───── Input for this task ─────
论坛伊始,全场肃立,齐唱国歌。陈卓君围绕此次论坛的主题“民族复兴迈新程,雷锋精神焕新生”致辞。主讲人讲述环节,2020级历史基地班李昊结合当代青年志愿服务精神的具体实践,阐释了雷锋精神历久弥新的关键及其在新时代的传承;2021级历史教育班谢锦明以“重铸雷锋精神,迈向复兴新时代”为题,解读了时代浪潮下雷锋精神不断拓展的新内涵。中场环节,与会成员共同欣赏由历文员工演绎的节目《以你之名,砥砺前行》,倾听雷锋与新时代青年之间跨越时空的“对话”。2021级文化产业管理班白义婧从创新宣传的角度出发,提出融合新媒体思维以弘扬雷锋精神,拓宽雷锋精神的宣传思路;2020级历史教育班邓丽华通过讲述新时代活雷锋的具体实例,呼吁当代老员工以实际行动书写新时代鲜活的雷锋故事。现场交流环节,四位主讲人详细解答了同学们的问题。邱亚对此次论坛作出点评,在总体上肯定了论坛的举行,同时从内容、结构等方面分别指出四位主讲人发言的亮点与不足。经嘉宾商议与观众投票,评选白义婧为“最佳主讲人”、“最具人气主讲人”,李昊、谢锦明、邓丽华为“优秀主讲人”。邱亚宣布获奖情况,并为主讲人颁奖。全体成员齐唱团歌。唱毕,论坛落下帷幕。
─────
───── Input for this task ─────
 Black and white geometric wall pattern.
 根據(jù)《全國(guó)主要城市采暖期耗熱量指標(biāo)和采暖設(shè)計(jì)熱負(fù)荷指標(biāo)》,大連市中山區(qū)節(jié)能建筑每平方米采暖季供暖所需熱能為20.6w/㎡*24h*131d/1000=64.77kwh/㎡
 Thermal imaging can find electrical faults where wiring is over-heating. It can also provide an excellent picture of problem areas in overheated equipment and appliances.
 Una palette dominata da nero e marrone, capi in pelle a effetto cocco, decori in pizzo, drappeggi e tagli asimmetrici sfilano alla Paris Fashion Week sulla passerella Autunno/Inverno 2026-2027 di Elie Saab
─────
───── Input for this task ─────
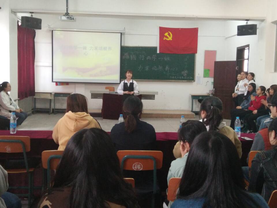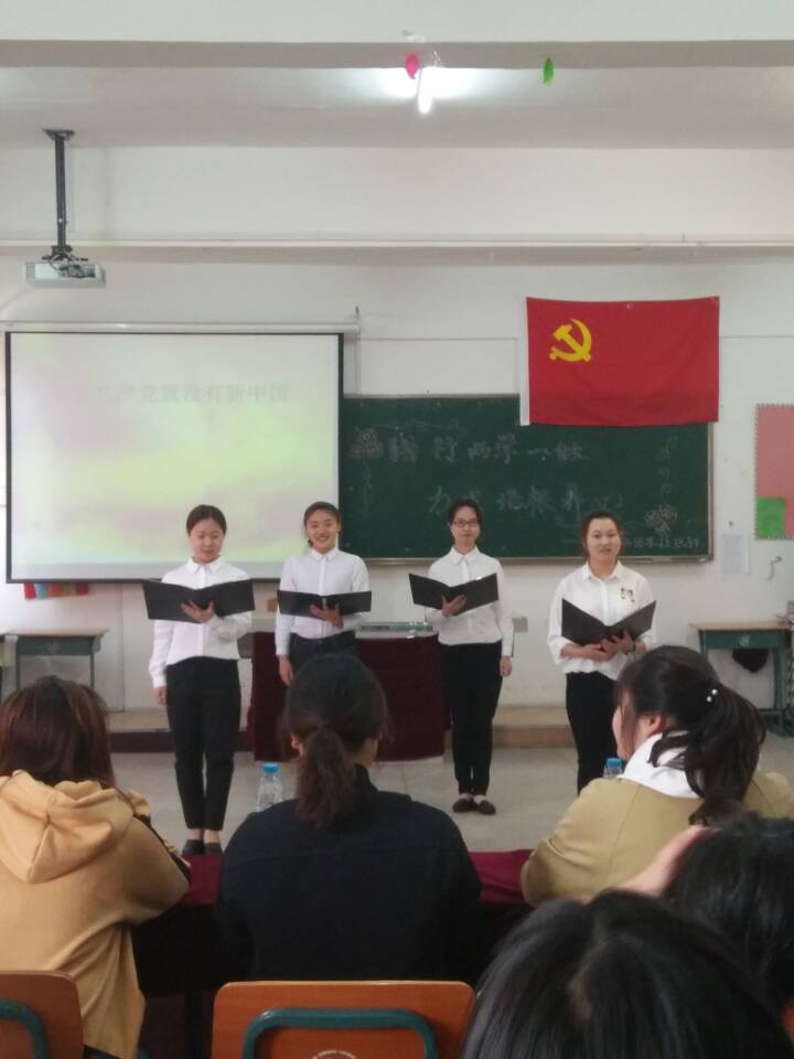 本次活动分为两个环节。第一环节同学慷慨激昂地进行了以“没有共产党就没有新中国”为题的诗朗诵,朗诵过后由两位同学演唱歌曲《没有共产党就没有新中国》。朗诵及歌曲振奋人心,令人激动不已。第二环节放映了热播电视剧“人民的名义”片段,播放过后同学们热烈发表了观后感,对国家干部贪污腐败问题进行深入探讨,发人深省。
─────
= Description of the task =
Within the listing above, the range opens at the line with "根據(jù)《全國(guó)" and closes at the line with "Una palette dominata". Reproduce exactly the lines of that range, including both ends.

= Written response =
 根據(jù)《全國(guó)主要城市采暖期耗熱量指標(biāo)和采暖設(shè)計(jì)熱負(fù)荷指標(biāo)》,大連市中山區(qū)節(jié)能建筑每平方米采暖季供暖所需熱能為20.6w/㎡*24h*131d/1000=64.77kwh/㎡
 Thermal imaging can find electrical faults where wiring is over-heating. It can also provide an excellent picture of problem areas in overheated equipment and appliances.
 Una palette dominata da nero e marrone, capi in pelle a effetto cocco, decori in pizzo, drappeggi e tagli asimmetrici sfilano alla Paris Fashion Week sulla passerella Autunno/Inverno 2026-2027 di Elie Saab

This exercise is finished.